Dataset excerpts
━━━━━━━━━━━━━━━━━━━━━━━━━━━━━━
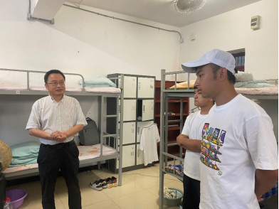 6日下午,焦玉勇、高晓东一行到学生寝室进行走访慰问。焦玉勇和高晓东和学生们进行了亲切交谈,叮嘱同学们在野外实习期间注意安全,照顾好身体。鼓励同学们发扬地大校训精神,敢于吃苦,磨砺意志,不断增强专业实力。
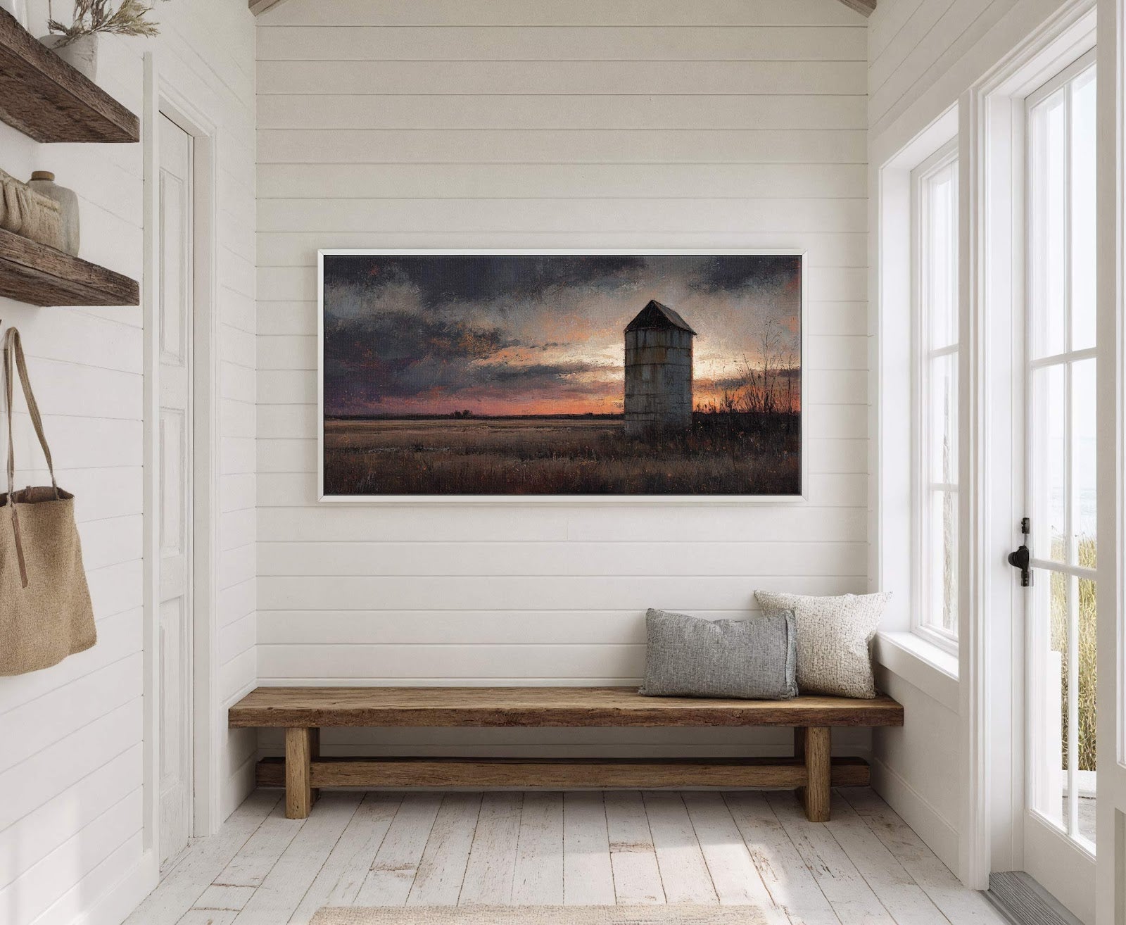 Impression sur toile « Coucher de soleil sur un silo de ferme »
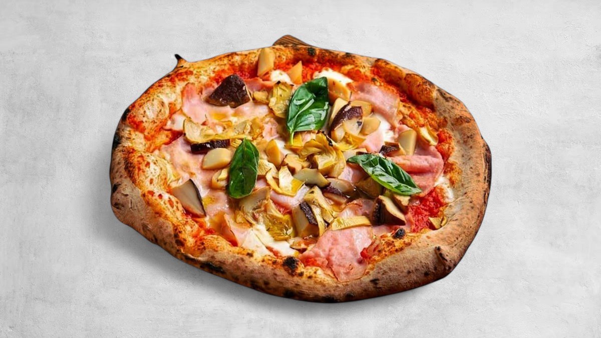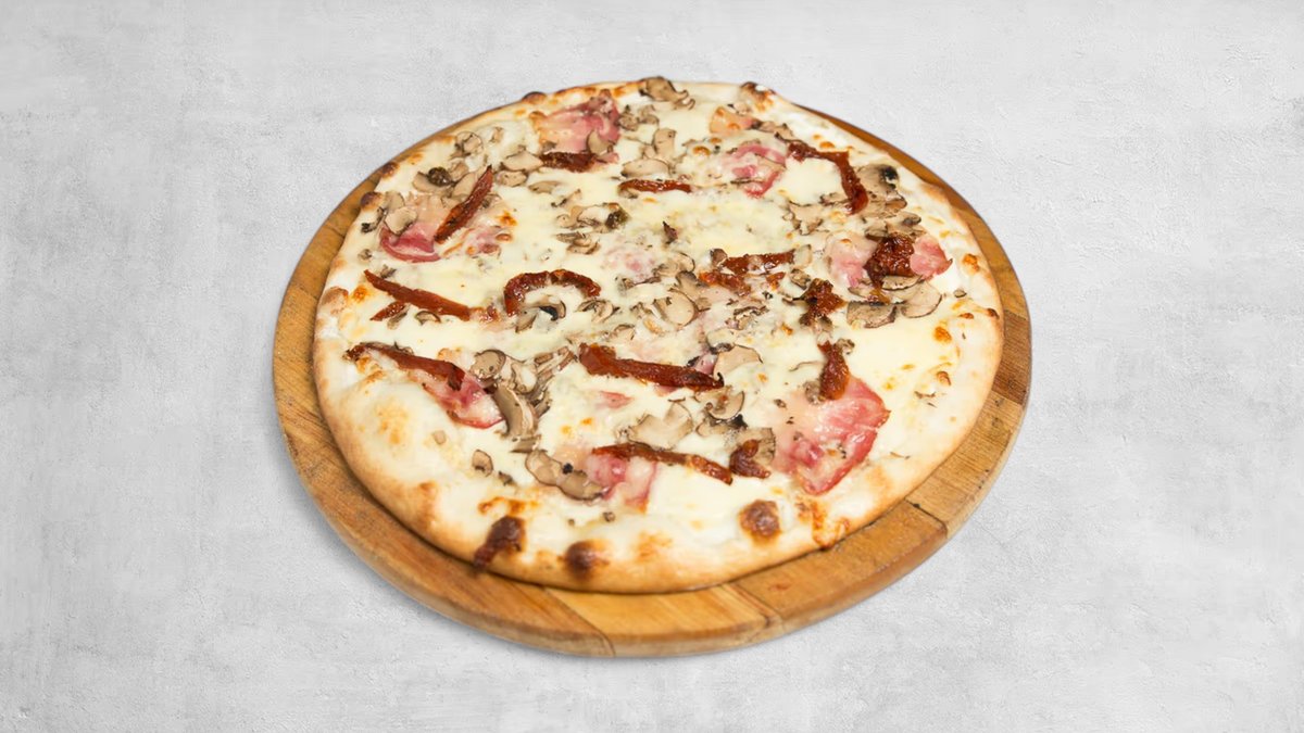 tomat, oregano, kuracie mäso, šunka, slanina, artičoky, syr 700 g / obsahuje: 1,3,7
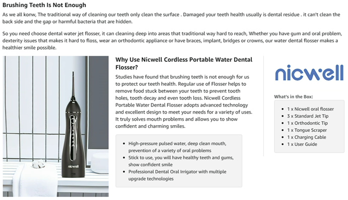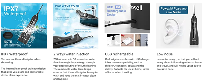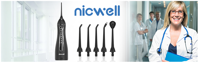 • POWERFUL BATTERY LIFE & IPX7 WATERPROOF: With powerful and environmental lithium battery, fully charged need 4 hours and used continuously for about 21 days. Come with USB Cable(Adapter Not Included) applicable to a variety of charging equipements such as power bank, computer, laptop.... With double-sealing rings, Nicwell oral irrigator prevent water leakage reliably, can use for shower in the bathroom and it's washable to clean
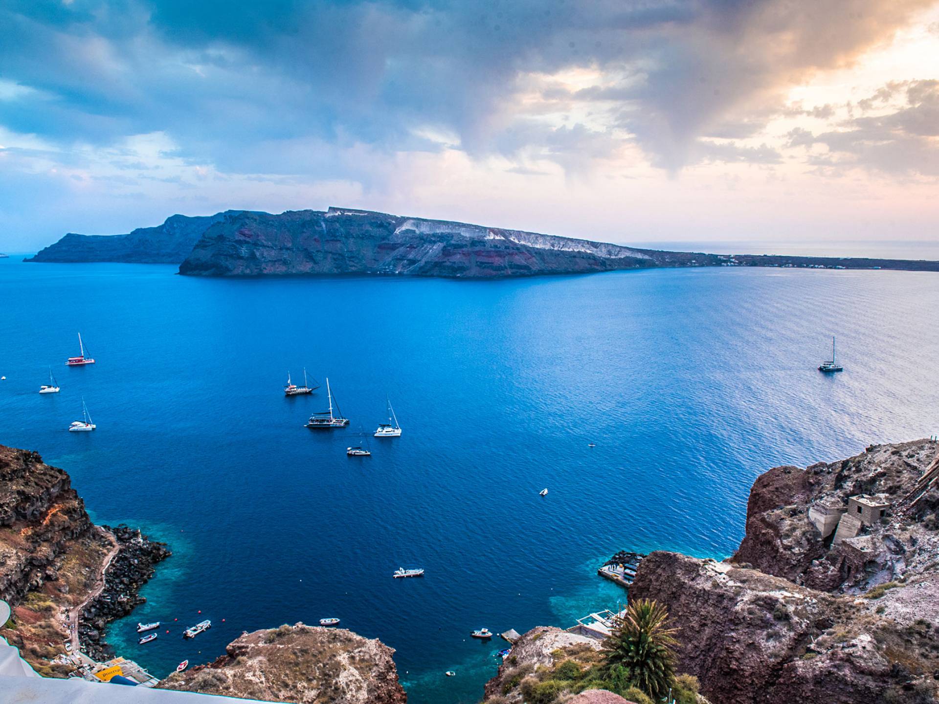 La belleza eterna de la isla de Santorini atrae a miles de visitantes cada año y se encuentra entre los principales destinos turísticos del mundo. Su paisaje volcánico salvaje, los acantilados escarpados, la naturaleza salvaje y las hermosas playas combinadas con su rica historia y tradiciones hacen de Santorini la joya de la corona de Grecia. La forma inicial de Santorini durante la antigüedad fue redonda. Obtuvo su forma actual en aproximadamente 1.650 aC debido a una severa erupción volcánica que desapareció en la mitad de la isla. Hoy, la mitad de la caldera de Santorini está sumergida, lo que la convierte en la única caldera hundida en el mundo.
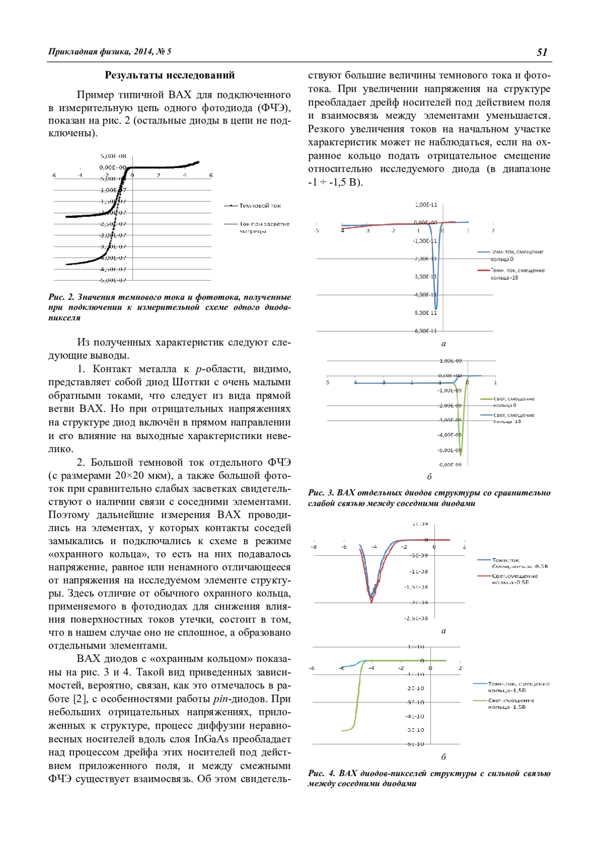 Акимов В. М., Андреев Д. С., Демидов С. С., Иродов Н. А., Климанов Е. А. Вольтамперные характеристики фотодиодов матрицы фоточувствительных элементов планарного типа на основе структуры p-InP/InGaAs/n-InP 50
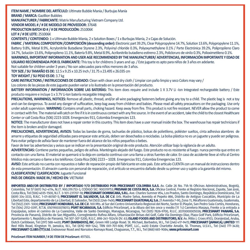 • Automatic bubble machine | Continuous bubble generation | Built-in rechargeable battery | Accessories included: Charging cable | Solution included: 2 bottles of bubble solution | Solution capacity: 1 L / 0.26 gal per bottle | Not suitable for children under 3 years of age | Dimensions: 31.8 cm x 23.5 cm x 26 cm / 12.5“ x 9.25” x 10.25" | Made in Vietnam.
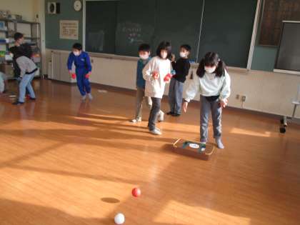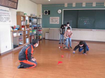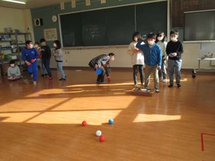 パラリンピック競技の一つの”ボッチャ”を体験しました。カーリングのように、目印となる白玉にできるだけ近くなるように玉を投げたり、転がしたりするスポーツです。子供たちはルールが分かると、夢中になって取り組んでいました。
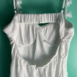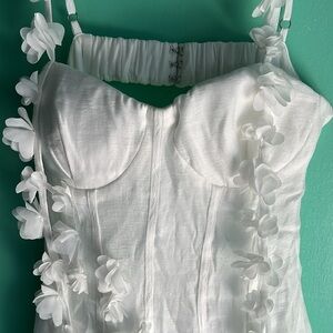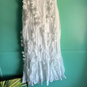 This dress is spectacular!! Never worn, purchased for a bridal shower that never happened. Padded cups, fully lined.2 strings of flowers flow with you as you walk. Ruffle bottom. Low back, back zip.Adjustable straps.Just perfect!!!
━━━━━━━━━━━━━━━━━━━━━━━━━━━━━━
Task details: Verbatim output of every entry above is required, though pictures are to be left out.

Solution to this exercise:
 6日下午,焦玉勇、高晓东一行到学生寝室进行走访慰问。焦玉勇和高晓东和学生们进行了亲切交谈,叮嘱同学们在野外实习期间注意安全,照顾好身体。鼓励同学们发扬地大校训精神,敢于吃苦,磨砺意志,不断增强专业实力。
 Impression sur toile « Coucher de soleil sur un silo de ferme »
 tomat, oregano, kuracie mäso, šunka, slanina, artičoky, syr 700 g / obsahuje: 1,3,7
 • POWERFUL BATTERY LIFE & IPX7 WATERPROOF: With powerful and environmental lithium battery, fully charged need 4 hours and used continuously for about 21 days. Come with USB Cable(Adapter Not Included) applicable to a variety of charging equipements such as power bank, computer, laptop.... With double-sealing rings, Nicwell oral irrigator prevent water leakage reliably, can use for shower in the bathroom and it's washable to clean
 La belleza eterna de la isla de Santorini atrae a miles de visitantes cada año y se encuentra entre los principales destinos turísticos del mundo. Su paisaje volcánico salvaje, los acantilados escarpados, la naturaleza salvaje y las hermosas playas combinadas con su rica historia y tradiciones hacen de Santorini la joya de la corona de Grecia. La forma inicial de Santorini durante la antigüedad fue redonda. Obtuvo su forma actual en aproximadamente 1.650 aC debido a una severa erupción volcánica que desapareció en la mitad de la isla. Hoy, la mitad de la caldera de Santorini está sumergida, lo que la convierte en la única caldera hundida en el mundo.
 Акимов В. М., Андреев Д. С., Демидов С. С., Иродов Н. А., Климанов Е. А. Вольтамперные характеристики фотодиодов матрицы фоточувствительных элементов планарного типа на основе структуры p-InP/InGaAs/n-InP 50
 • Automatic bubble machine | Continuous bubble generation | Built-in rechargeable battery | Accessories included: Charging cable | Solution included: 2 bottles of bubble solution | Solution capacity: 1 L / 0.26 gal per bottle | Not suitable for children under 3 years of age | Dimensions: 31.8 cm x 23.5 cm x 26 cm / 12.5“ x 9.25” x 10.25" | Made in Vietnam.
 パラリンピック競技の一つの”ボッチャ”を体験しました。カーリングのように、目印となる白玉にできるだけ近くなるように玉を投げたり、転がしたりするスポーツです。子供たちはルールが分かると、夢中になって取り組んでいました。
 This dress is spectacular!! Never worn, purchased for a bridal shower that never happened. Padded cups, fully lined.2 strings of flowers flow with you as you walk. Ruffle bottom. Low back, back zip.Adjustable straps.Just perfect!!!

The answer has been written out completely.